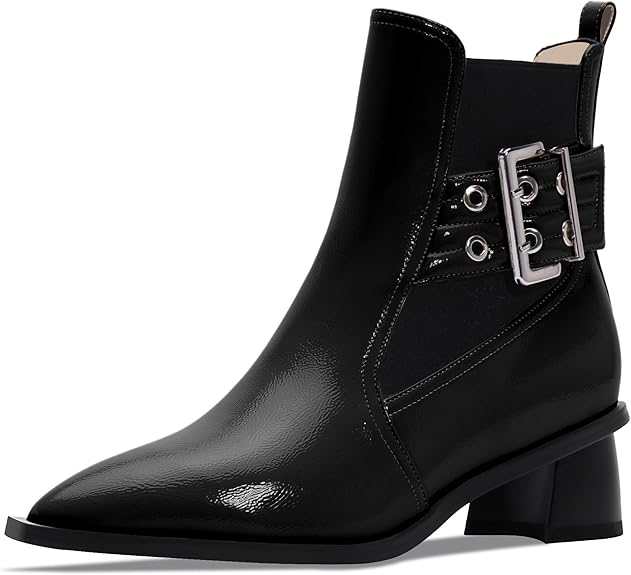 Women's Pointed Toe Chunky Block Heel Ankle Boots Buckle Strap Elastic Band Chelsea Booties
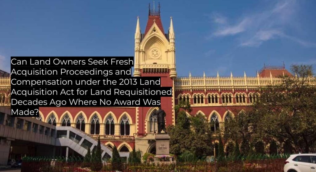 Calcutta High Court confirms that when land was requisitioned under repealed statutes but no acquisition award was made within the statutory period, the authority must initiate fresh acquisition proceedings under the 2013 Act (Act XXX of 2013) and pay just compensation and rent for the entire period of state use. Upholds and applies prior coordinate bench decision on identical facts, establishing binding authority for State authorities and Special Land Acquisition Officers within West Bengal.
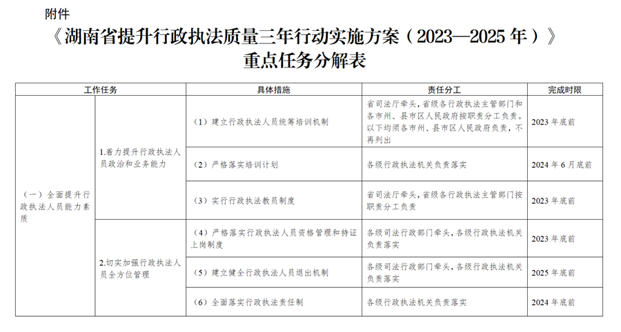 附件:《湖南省提升行政執(zhí)法質(zhì)量三年行動(dòng)實(shí)施方案(2023—2025年)》重點(diǎn)任務(wù)分解表
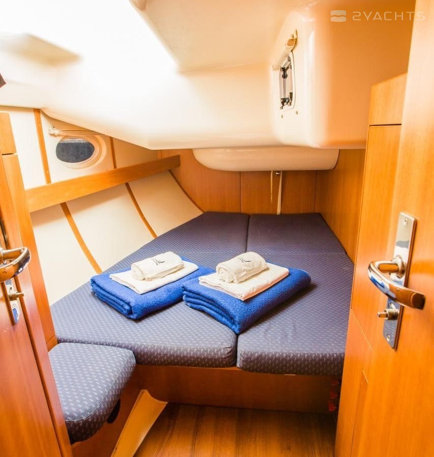 Jordan can accommodate up to 10 people in 3 double cabins, 1 double cabin with a bunk bed and a saloon with 2 extra beds. Pillows and blankets are included in the price.
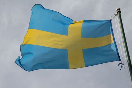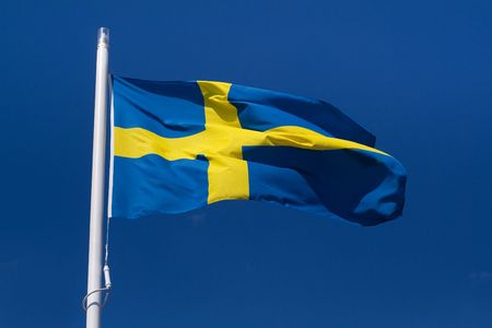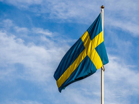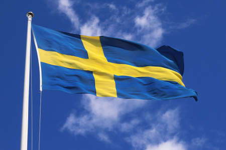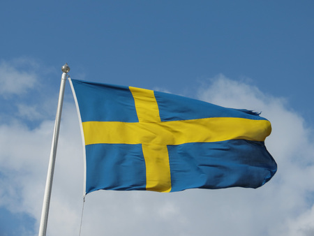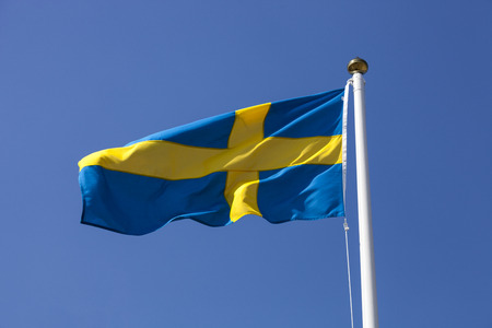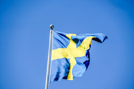 Sweden flag against blue sky in bright sunshine
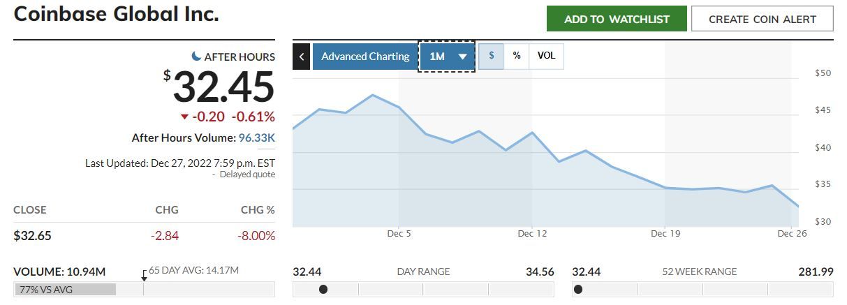 - Акции одной из крупнейших криптобирж Coinbase обновили абсолютный минимум на уровне $32.44. За месяц ценные бумаги торговой платформы подешевели на 23.19%, а за год – на 88.35%.
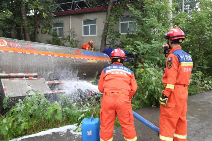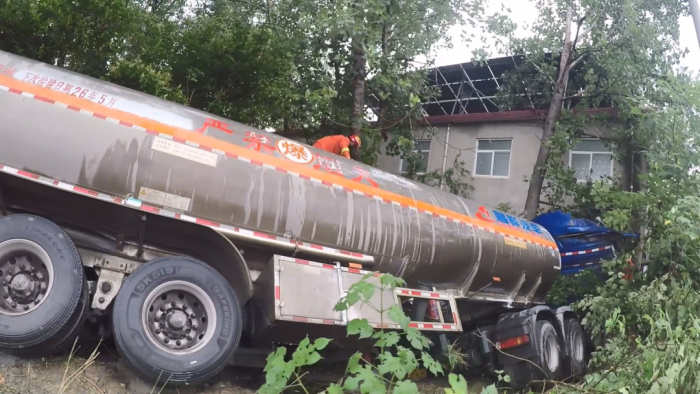 6月7日11時許,淮南市大通區(qū)206國道萬家崗村路段發(fā)生驚險一幕,兩輛大貨車在雨中行駛時,因路面濕滑,避讓不及發(fā)生碰撞。其中載有30余噸汽油的油罐車側翻至路邊樹林,駕駛員被困變形駕駛室,情況萬分危急。
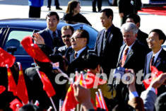 江澤民主席應(yīng)布什總統(tǒng)邀請訪問美國,二十二日抵達(dá)芝加哥奧黑爾機場,向前來迎接的各界人士揮手致意。作者:王瑤
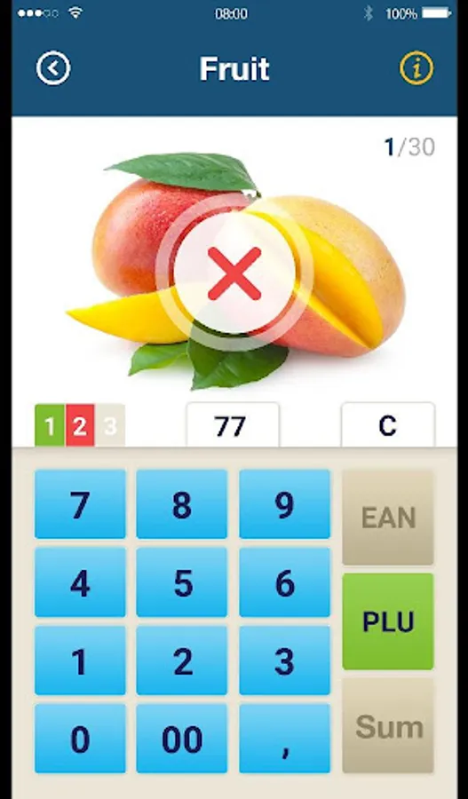 The goal is to enter the correct PLU numbers as quickly as possible for all 30 products.
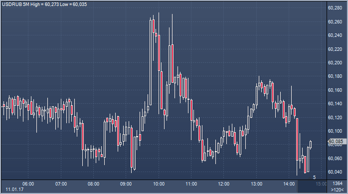 Баррель нефти Brent подешевел до менее $54, минимального уровня за последний месяц, что отчасти обусловлено уточненным прогнозом нефтедобычи в США на 2017 год, который вчера представило Управление энергетической информации (EIA). Сегодня в 18:30 ждем данные EIA по товарным запасам нефти в США. Когда месяц назад котировки Brent последний раз находились на указанном уровне, пара доллар/рубль приближалась к уровню 62.00. Мы прогнозируем, что курс рубля снизится вслед за ценами на нефть. Наш официальный целевой уровень по паре доллар/рубль на сегодня составляет 60.50, что является минимумом за период с середины декабря, последний раз он наблюдался непосредственно перед повышением ставки ФРС США.
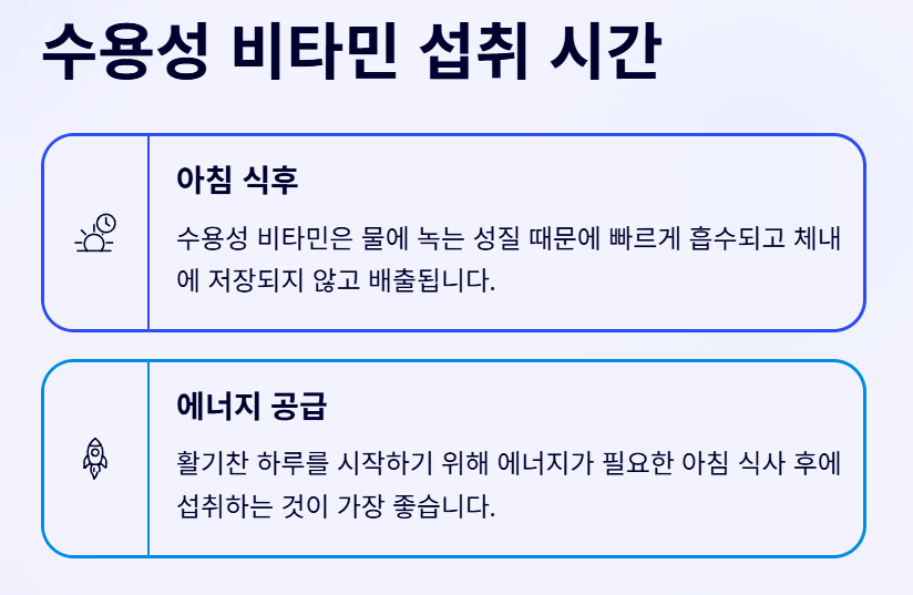 - 이유: 수용성 비타민은 물에 녹는 성질 때문에 빠르게 흡수되고 체내에 저장되지 않고 배출됩니다. 따라서 활기찬 하루를 시작하기 위해 에너지가 필요한 아침 식사 후에 섭취하는 것이 가장 좋습니다.
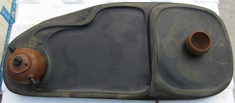從茶盤的使用性能上看,木質和竹質茶盤均處于劣勢,使用年限不長,容易干裂變形,積茶垢不易清洗,且有異味。金屬茶盤,雖材質可靠,外表光亮,不易吸水不變形等優點,但其材質決定了它在工藝上和外觀上的單調性,千篇一律。在視覺上的美感欠佳,與中國獨有的茶文化格格不入。
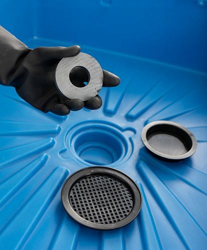 Teilewaschgerät bio.x C100 XL, Grundgerät, für die biologische und lösemittelfreie Teilereinigung, Reinigungssystem zur lösemittelfreien Teilereinigung, besonders stabil und energieeffizient, mit extra großer Arbeitsfläche für besonders breite und schwere Teile, Geräteunterteil und Waschbecken aus Polyethylen (PE), komplett montiert, Betriebsanleitung und CE-Erklärung, elektrische Kompaktsteuerung mit Folientastatur inkl. Energiesparmodus, elektrische Förderpumpe mit ca. 5 l/min Förderleistung, Reinigungseinheit bestehend aus 2 Waschpinseln, Die energieeffiziente Steuerung erwärmt das Reinigungsbad auf angenehme und effektive 41 °C. Leistungsstarke Sensoren erkennen und melden, wenn sich Sediment am Tankboden gebildet hat. Die Entfernung der Sedimentschicht trägt erheblich zur Standzeitverlängerung des Reinigungsbades bei, Traglast: 250 kg bzw. 350 kg bei Verwendung des optionalen Lochblech-Einsatzes, 10 Jahre Geräte-Garantie (gilt nur bei Verwendung mit dem bio.x-Reiniger von DENIOS), Spezielle Mikroorganismen bauen die Öle und Fette biologisch ab und garantieren so eine lange Standzeit der Reinigungsflüssigkeit. Der neue Reinigungstisch bio.x C100 XL ist in seiner Größe und Stabilität einzigartig. Besonders große und sperrige Teile können bequem von einem oder zwei Anwendern zur gleichen Zeit gereinigt werden. Die barrierefreie Arbeitsfläche garantiert dabei maximalen Komfort und gute Zugänglichkeit von allen Seiten.
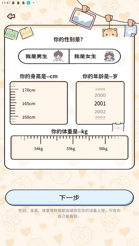 1、首先,在此处输入您当前的身高、年龄和体重信息。
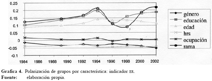 Las gráficas 3 y 4 presentan la evolución de la polarización por características, sugiriendo que la mayor polarización salarial se alcanza debido a las diferencias en escolaridad; asimismo sugieren que la escolaridad muestra los grupos más polarizados entre sí. La ocupación presenta con más claridad una tendencia decreciente, salvo al final del periodo. La edad y rama de la actividad son las características que presentan una senda de polarización creciente en los últimos años. En particular, la edad consigue superar en polarización a la ocupación, y se sitúa tras la escolaridad como la característica que genera más polarización, por lo menos hasta 1998. Las variables de género y horas trabajadas son las que muestran menor polarización, a pesar de que la primera, debido a su carácter dicotómico, presenta una importante polarización entre grupos (aunque es decreciente desde el periodo de inicio).
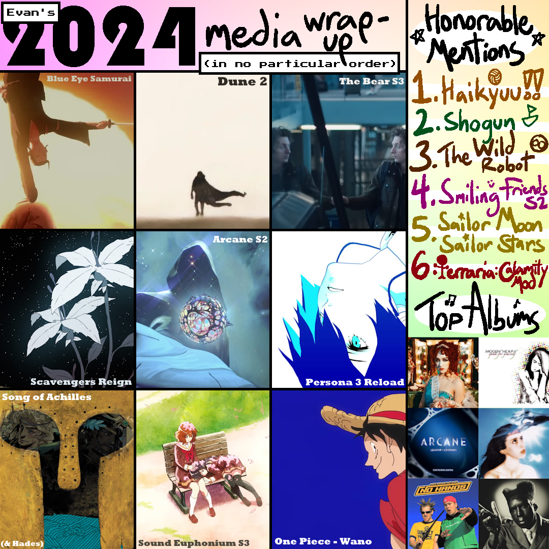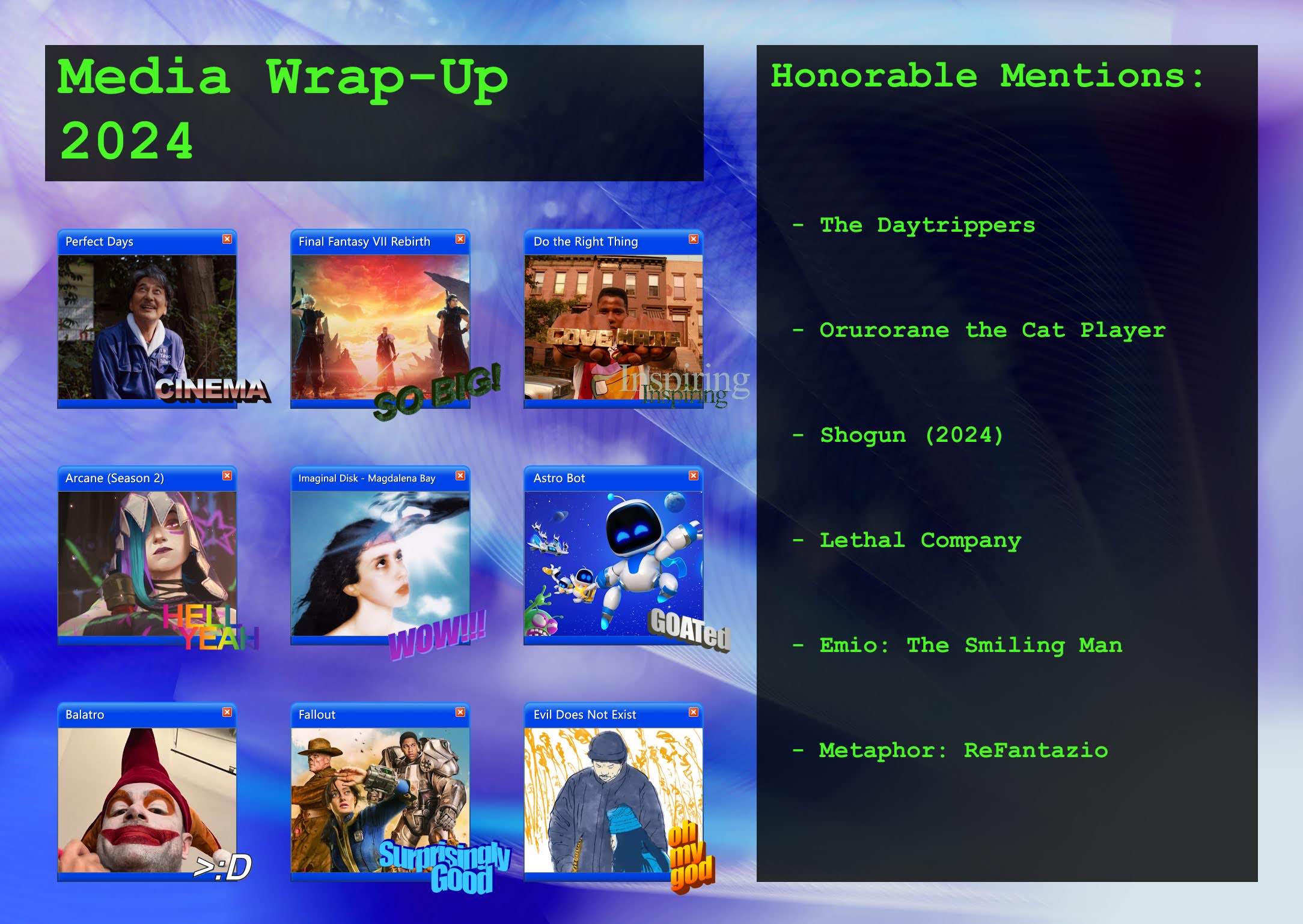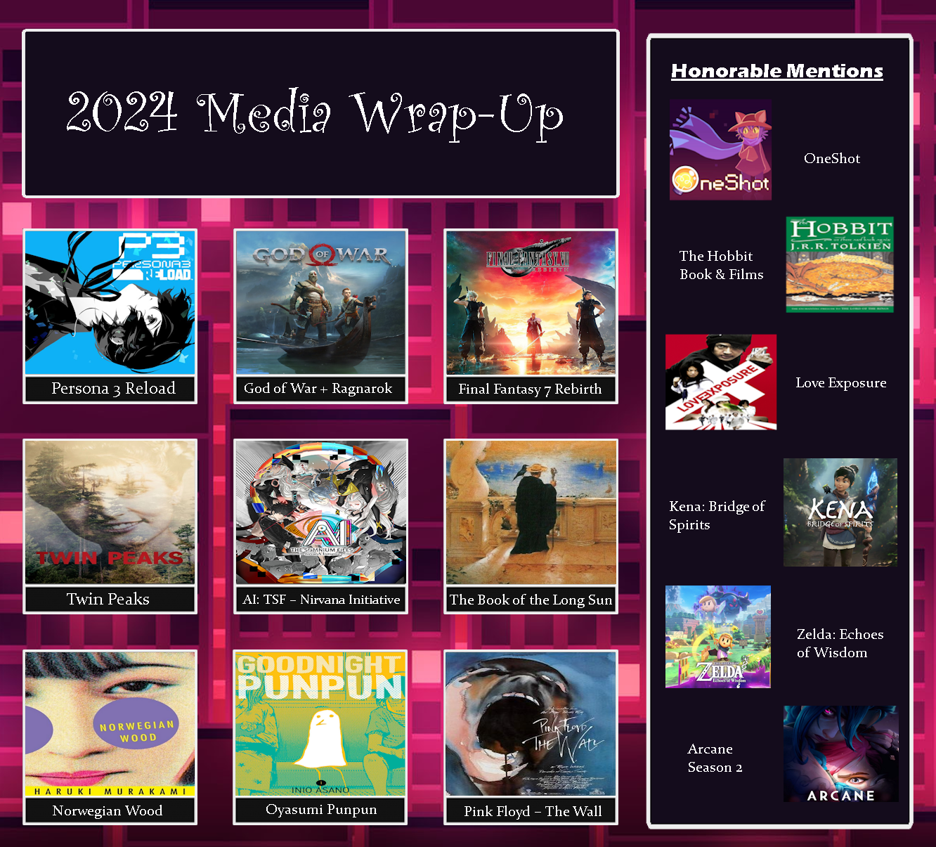 Each year, we here at the lazy sundays blog like to compile a wrap-up of the media we found most impactful to us for the given year. These wrap-ups comprise of a grid where each participant places an image representing one of their favorite pieces of the year. The lists have been transcribed and are presented below.
┄┄┄┄┄┄┄┄┄┄┄┄┄┄┄┄┄┄┄┄
**REQUIREMENT:** Pictures must be left out when the records are transcribed exactly.

**EXERCISE OUTPUT:**
 Women's Pointed Toe Chunky Block Heel Ankle Boots Buckle Strap Elastic Band Chelsea Booties
 Calcutta High Court confirms that when land was requisitioned under repealed statutes but no acquisition award was made within the statutory period, the authority must initiate fresh acquisition proceedings under the 2013 Act (Act XXX of 2013) and pay just compensation and rent for the entire period of state use. Upholds and applies prior coordinate bench decision on identical facts, establishing binding authority for State authorities and Special Land Acquisition Officers within West Bengal.
 附件:《湖南省提升行政執(zhí)法質(zhì)量三年行動(dòng)實(shí)施方案(2023—2025年)》重點(diǎn)任務(wù)分解表
 Jordan can accommodate up to 10 people in 3 double cabins, 1 double cabin with a bunk bed and a saloon with 2 extra beds. Pillows and blankets are included in the price.
 Sweden flag against blue sky in bright sunshine
 - Акции одной из крупнейших криптобирж Coinbase обновили абсолютный минимум на уровне $32.44. За месяц ценные бумаги торговой платформы подешевели на 23.19%, а за год – на 88.35%.
 6月7日11時許,淮南市大通區(qū)206國道萬家崗村路段發(fā)生驚險一幕,兩輛大貨車在雨中行駛時,因路面濕滑,避讓不及發(fā)生碰撞。其中載有30余噸汽油的油罐車側翻至路邊樹林,駕駛員被困變形駕駛室,情況萬分危急。
 江澤民主席應(yīng)布什總統(tǒng)邀請訪問美國,二十二日抵達(dá)芝加哥奧黑爾機場,向前來迎接的各界人士揮手致意。作者:王瑤
 The goal is to enter the correct PLU numbers as quickly as possible for all 30 products.
 Баррель нефти Brent подешевел до менее $54, минимального уровня за последний месяц, что отчасти обусловлено уточненным прогнозом нефтедобычи в США на 2017 год, который вчера представило Управление энергетической информации (EIA). Сегодня в 18:30 ждем данные EIA по товарным запасам нефти в США. Когда месяц назад котировки Brent последний раз находились на указанном уровне, пара доллар/рубль приближалась к уровню 62.00. Мы прогнозируем, что курс рубля снизится вслед за ценами на нефть. Наш официальный целевой уровень по паре доллар/рубль на сегодня составляет 60.50, что является минимумом за период с середины декабря, последний раз он наблюдался непосредственно перед повышением ставки ФРС США.
 - 이유: 수용성 비타민은 물에 녹는 성질 때문에 빠르게 흡수되고 체내에 저장되지 않고 배출됩니다. 따라서 활기찬 하루를 시작하기 위해 에너지가 필요한 아침 식사 후에 섭취하는 것이 가장 좋습니다.
從茶盤的使用性能上看,木質和竹質茶盤均處于劣勢,使用年限不長,容易干裂變形,積茶垢不易清洗,且有異味。金屬茶盤,雖材質可靠,外表光亮,不易吸水不變形等優點,但其材質決定了它在工藝上和外觀上的單調性,千篇一律。在視覺上的美感欠佳,與中國獨有的茶文化格格不入。
 Teilewaschgerät bio.x C100 XL, Grundgerät, für die biologische und lösemittelfreie Teilereinigung, Reinigungssystem zur lösemittelfreien Teilereinigung, besonders stabil und energieeffizient, mit extra großer Arbeitsfläche für besonders breite und schwere Teile, Geräteunterteil und Waschbecken aus Polyethylen (PE), komplett montiert, Betriebsanleitung und CE-Erklärung, elektrische Kompaktsteuerung mit Folientastatur inkl. Energiesparmodus, elektrische Förderpumpe mit ca. 5 l/min Förderleistung, Reinigungseinheit bestehend aus 2 Waschpinseln, Die energieeffiziente Steuerung erwärmt das Reinigungsbad auf angenehme und effektive 41 °C. Leistungsstarke Sensoren erkennen und melden, wenn sich Sediment am Tankboden gebildet hat. Die Entfernung der Sedimentschicht trägt erheblich zur Standzeitverlängerung des Reinigungsbades bei, Traglast: 250 kg bzw. 350 kg bei Verwendung des optionalen Lochblech-Einsatzes, 10 Jahre Geräte-Garantie (gilt nur bei Verwendung mit dem bio.x-Reiniger von DENIOS), Spezielle Mikroorganismen bauen die Öle und Fette biologisch ab und garantieren so eine lange Standzeit der Reinigungsflüssigkeit. Der neue Reinigungstisch bio.x C100 XL ist in seiner Größe und Stabilität einzigartig. Besonders große und sperrige Teile können bequem von einem oder zwei Anwendern zur gleichen Zeit gereinigt werden. Die barrierefreie Arbeitsfläche garantiert dabei maximalen Komfort und gute Zugänglichkeit von allen Seiten.
 1、首先,在此处输入您当前的身高、年龄和体重信息。
 Las gráficas 3 y 4 presentan la evolución de la polarización por características, sugiriendo que la mayor polarización salarial se alcanza debido a las diferencias en escolaridad; asimismo sugieren que la escolaridad muestra los grupos más polarizados entre sí. La ocupación presenta con más claridad una tendencia decreciente, salvo al final del periodo. La edad y rama de la actividad son las características que presentan una senda de polarización creciente en los últimos años. En particular, la edad consigue superar en polarización a la ocupación, y se sitúa tras la escolaridad como la característica que genera más polarización, por lo menos hasta 1998. Las variables de género y horas trabajadas son las que muestran menor polarización, a pesar de que la primera, debido a su carácter dicotómico, presenta una importante polarización entre grupos (aunque es decreciente desde el periodo de inicio).
 Each year, we here at the lazy sundays blog like to compile a wrap-up of the media we found most impactful to us for the given year. These wrap-ups comprise of a grid where each participant places an image representing one of their favorite pieces of the year. The lists have been transcribed and are presented below.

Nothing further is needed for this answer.